NsaiWork emits telemetry events for observability:

# Attach a handler
:telemetry.attach(
  "nsai-work-metrics",
  [:nsai_work, :job, :completed],
  &MyApp.Metrics.handle_event/4,
  nil
)

# Or use the built-in console logger
NsaiWork.Telemetry.attach_console_logger()

Events

[:nsai_work, :job, :submitted] - Job submitted
[:nsai_work, :job, :queued] - Job enqueued
[:nsai_work, :job, :started] - Job execution started
[:nsai_work, :job, :completed] - Job completed
[:nsai_work, :job, :canceled] - Job canceled
[:nsai_work, :job, :retry] - Job retry scheduled
[:nsai_work, :scheduler, :admit] - Admission decision
[:nsai_work, :scheduler, :select_backend] - Backend selection
[:nsai_work, :queue, :enqueue] - Queue enqueue
[:nsai_work, :queue, :dequeue] - Queue dequeue
[:nsai_work, :queue, :overflow] - Queue capacity exceeded

Multi-Tenancy

All jobs belong to a tenant and namespace:

job = NsaiWork.Job.new(
  tenant_id: "customer-123",
  namespace: "production",
  # ...
)

# List jobs for a tenant
jobs = NsaiWork.list("customer-123")

# Filter by namespace
jobs = NsaiWork.list("customer-123", namespace: "production")

# Filter by status
running = NsaiWork.list("customer-123", status: :running)

ALTAR Integration

ALTAR (Adaptive Language Tool and Action Runtime) provides a local execution runtime for tool calls with ADM (function declaration) support.
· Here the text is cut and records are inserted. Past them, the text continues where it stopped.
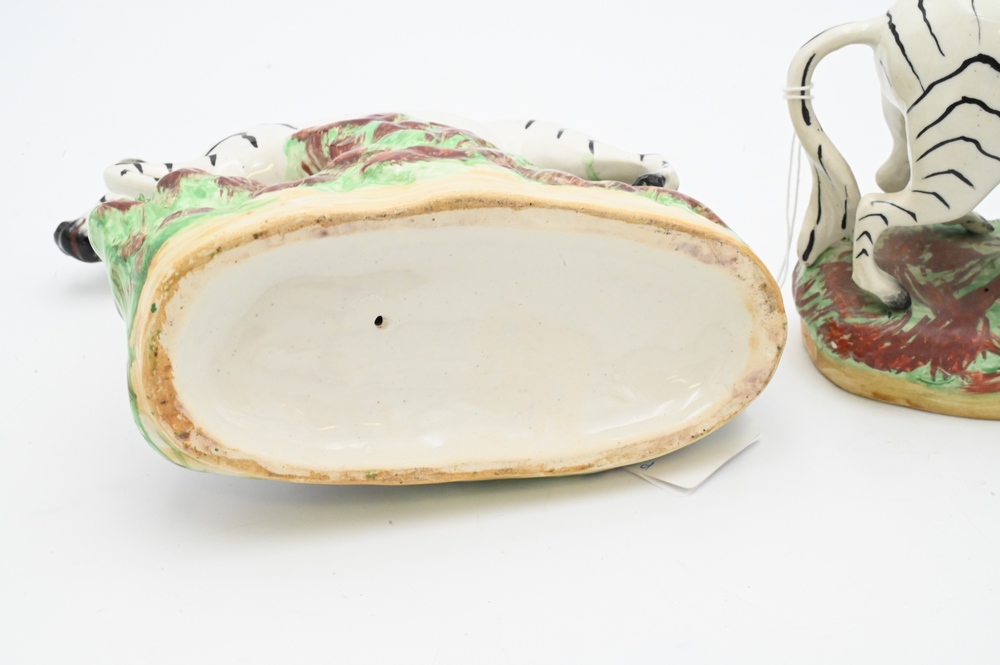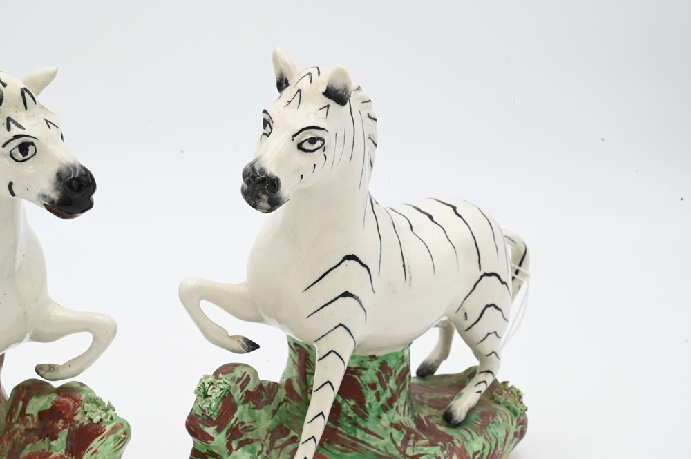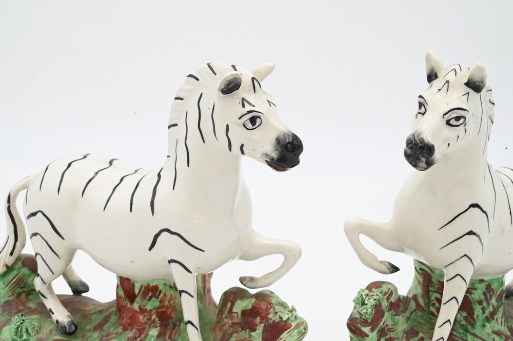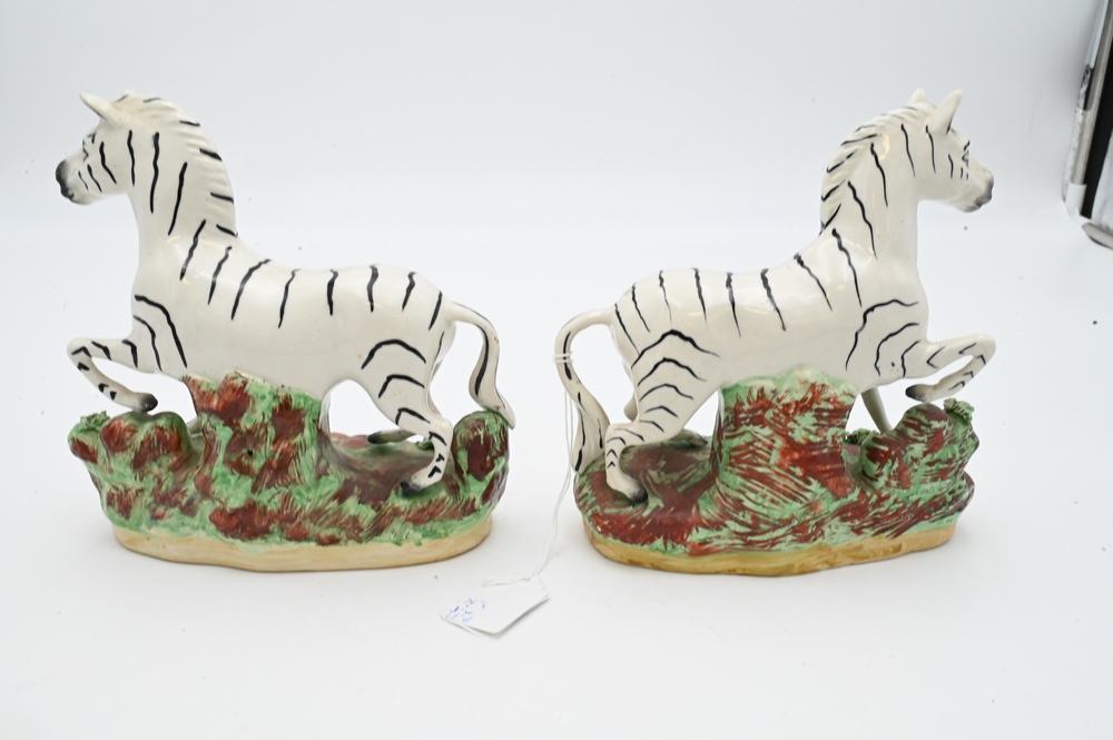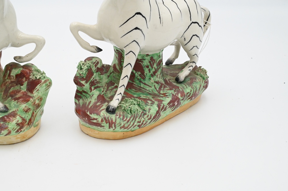Pair of English Staffordshire Zebra Figures, height 7 1/4 inches, length 7 1/2 inches.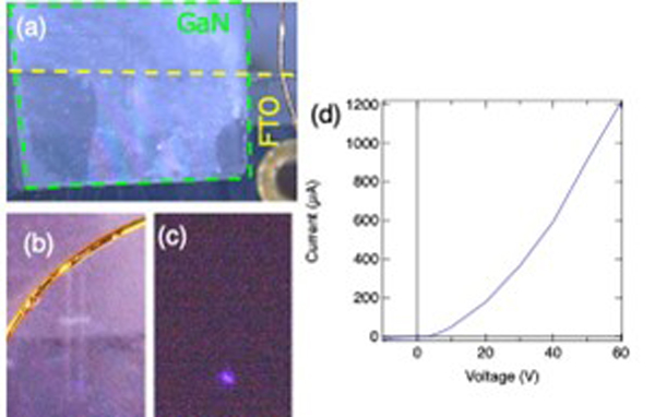 図2 ZnOナノ粒子を焼結したp型GaN基板に透明電極(FTO)基板を圧着した電気駆動用素子の(a)接着部の写真と(b)レーザー焼結体付近の拡大図、(c)同じ場所の電気駆動発光の写真.(d)電流電圧特性.
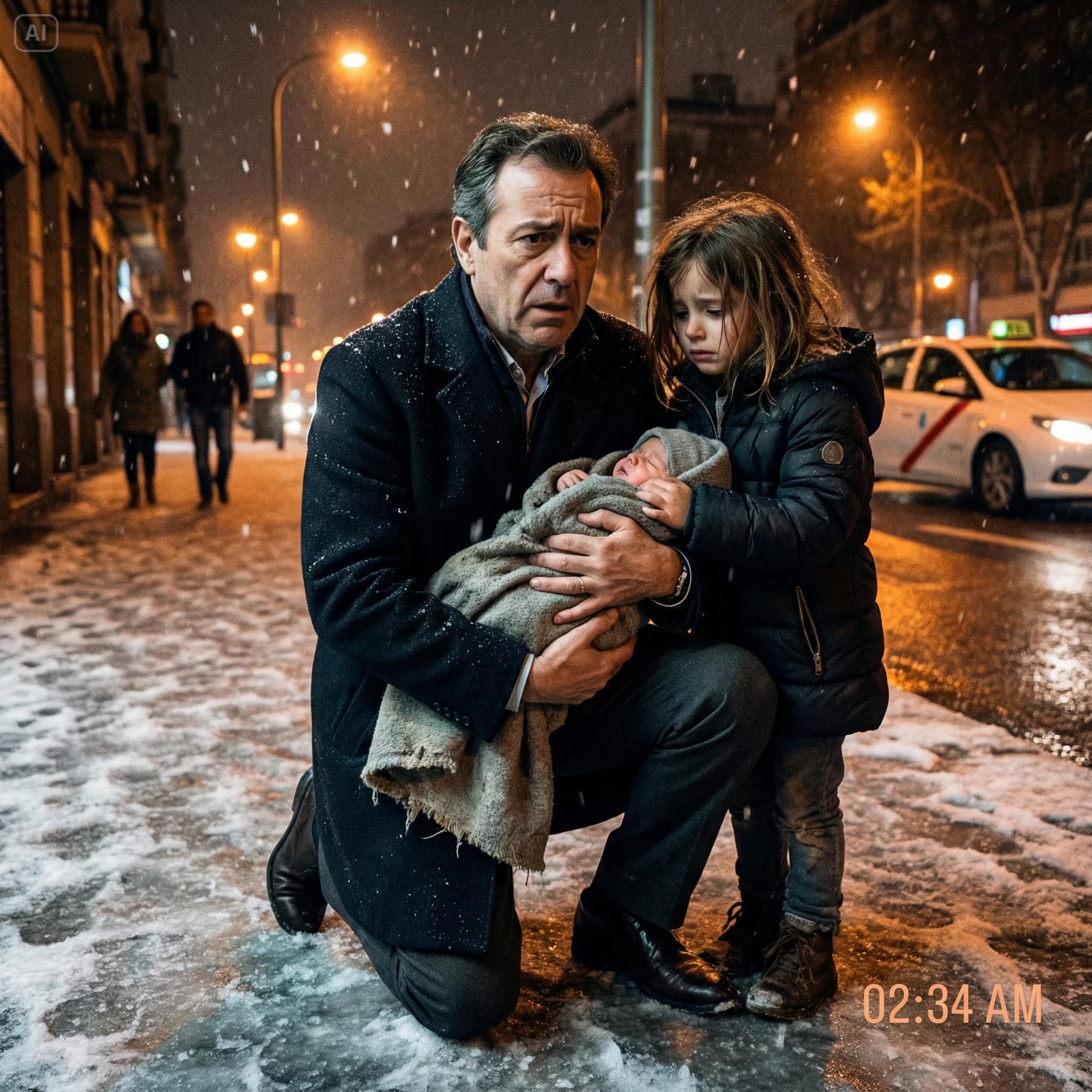 Una niña pequeña, de no más de siete años, envuelta en un abrigo tan fino que parecía más una camisa. Su pelo se pegaba húmedo contra sus mejillas, mechones congelados enmarcando una cara casi azul por el frío. Y en sus brazos —mi pecho se apretó por reflejo— había un bebé. Lánguido. Inmóvil. Tan pequeño que la manta que lo rodeaba parecía que podría tragárselo entero.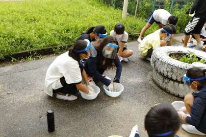 6年生の家庭科では、手洗い洗濯を体験しました。自分の履いてきた靴下を、もみ洗いやこすり洗い、つまみ洗いなどを駆使してきれいにしました。靴下を手洗いした桶の中の水を見ると、汚れが落ちていることが確認できました。これからは家庭科で学んだことを生かし、自分で手洗いするなど、少しでも家事の手伝いを頑張ってもらえたらと思います。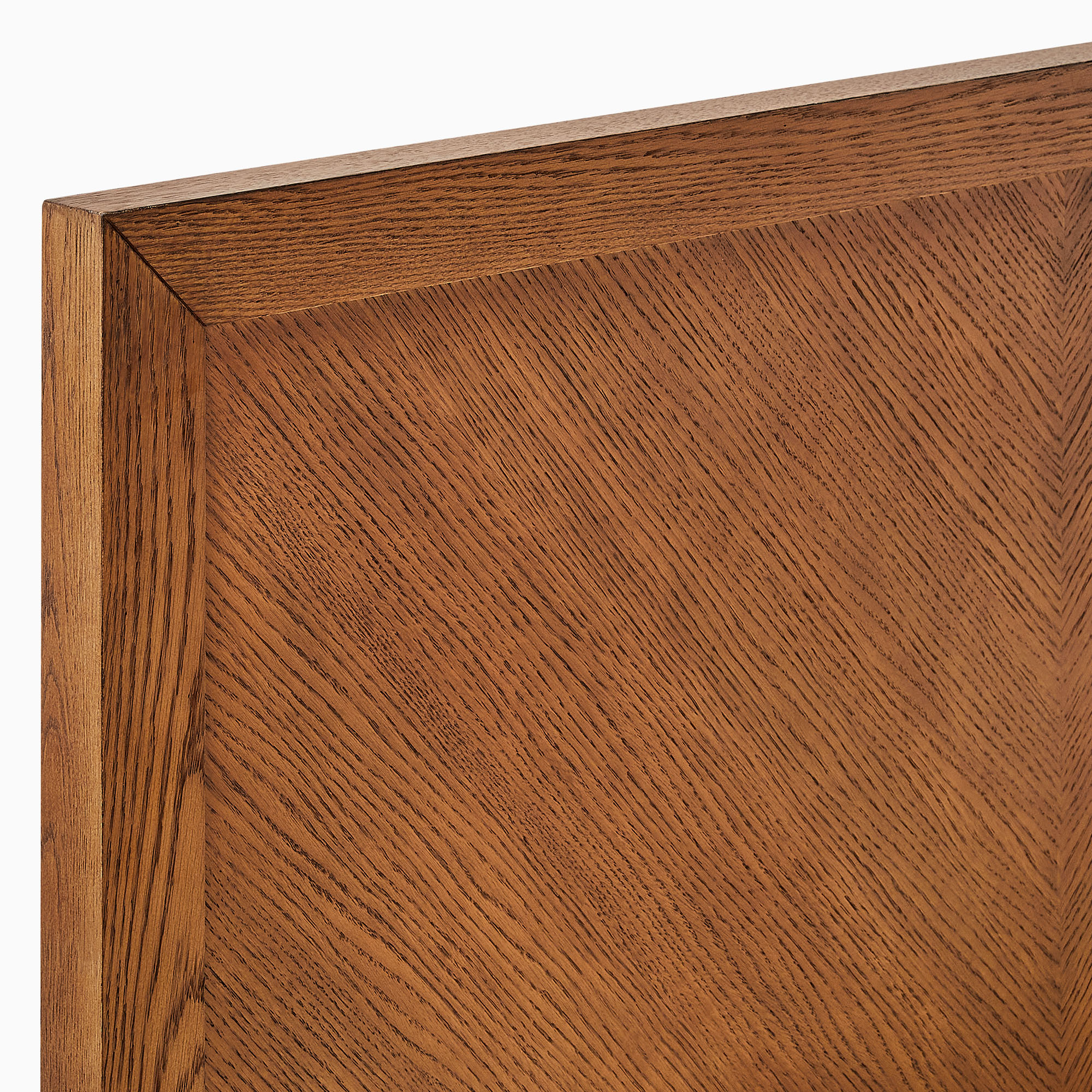 Discover the Thursen queen size bed, a stunning piece crafted with oak veneer over a sturdy frame made of solid oak, plywood, and engineered wood. The headboard features a timeless chevron pattern that adds a touch of elegance to your bedroom.frame material:Oak, frame material:Engineered Wood, frame material:Plywood, bed size:Queen Size, color:Reddish Brown

The ALTAR backend enables NsaiWork to execute tool calls through ALTAR's LATER runtime.

Setup

Add ALTAR to your dependencies (already included with NsaiWork):

{:altar, "~> 0.2.0"}

Enable ALTAR in your application config:

# config/config.exs
config :nsai_work,
  enable_altar: true,
  altar_registry: NsaiWork.AltarRegistry

Registering Tools

Use NsaiWork.AltarTools to register tools with ALTAR:

# Simple tool
NsaiWork.AltarTools.register(
  "calculator_add",
  "Add two numbers",
  %{
    type: :OBJECT,
    properties: %{
      "a" => %{type: :NUMBER, description: "First number"},
      "b" => %{type: :NUMBER, description: "Second number"}
    },
    required: ["a", "b"]
  },
  fn %{"a" => a, "b" => b} -> {:ok, a + b} end
)

# Complex tool with nested objects
NsaiWork.AltarTools.register(
  "search_documents",
  "Search document corpus with filters",
  %{
    type: :OBJECT,
    properties: %{
      "query" => %{type: :STRING, description: "Search query"},
      "limit" => %{type: :NUMBER, description: "Max results"},
      "filters" => %{
        type: :OBJECT,
        properties: %{
          "category" => %{type: :STRING},
          "date_range" => %{
            type: :OBJECT,
            properties: %{
              "start" => %{type: :STRING},
              "end" => %{type: :STRING}
            }
          }
        }
      }
    },
    required: ["query"]
  },
  &MyApp.Search.search/1
)

Tool Function Requirements

Tool functions must:

Accept a single argument (map of parameters)
Return {:ok, result} on success
Return {:error, reason} on failure

Example:

defmodule MyApp.CNS.Proposer do
  def extract(%{"doc_id" => doc_id} = args) do
    max_claims = Map.get(args, "max_claims", 10)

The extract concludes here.